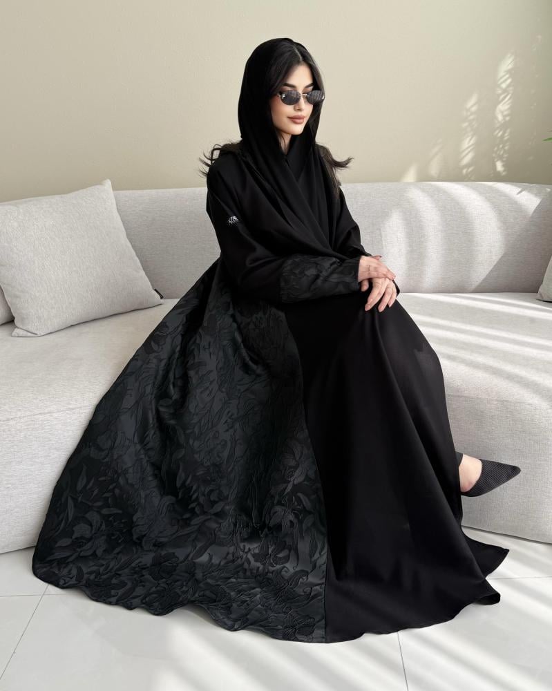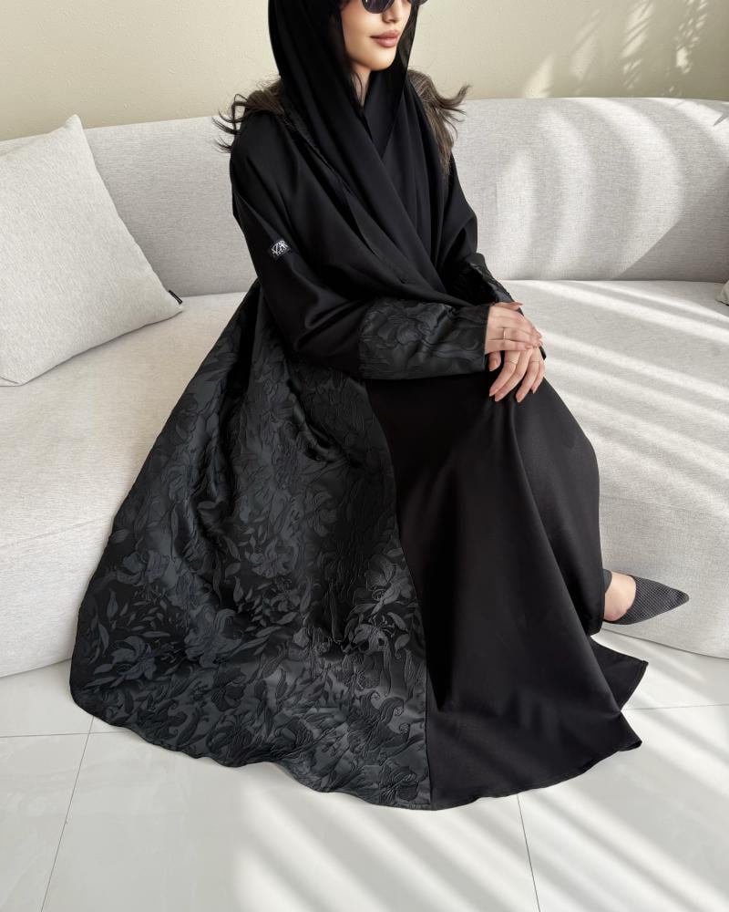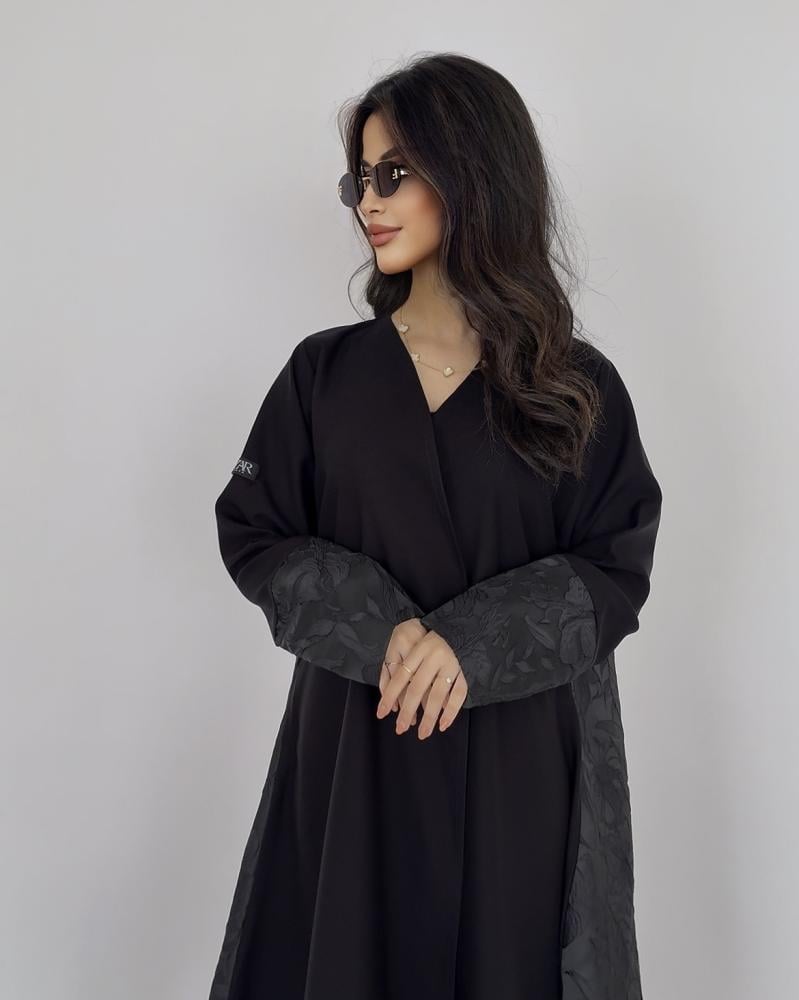 Z321 / قماش كريب مينيمات وتفته مشجر بالخلف وطرف الكم
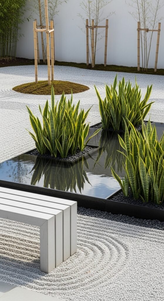 Why it works: Snake plants add structure and height while complementing the serene Zen aesthetic.
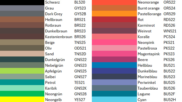 Farbkarte Biothane
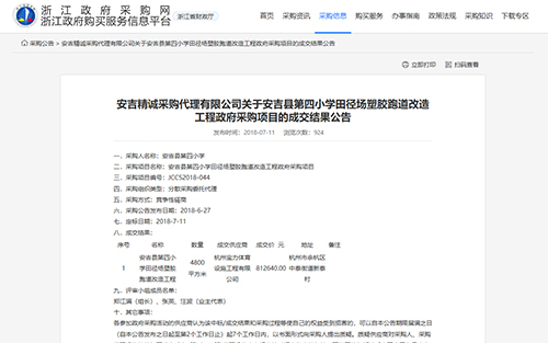 2018年7月11号中标安吉县第四小学田径场塑胶跑道改造工程项目
▬▬▬
## ASSIGNED TASK
What is needed is an exact copy of the lines from the one with "Why it works: Snake" through the end of the data above, both included, minus any pictures.

## THE COMPLETED TASK
 Why it works: Snake plants add structure and height while complementing the serene Zen aesthetic.
 Farbkarte Biothane
 2018年7月11号中标安吉县第四小学田径场塑胶跑道改造工程项目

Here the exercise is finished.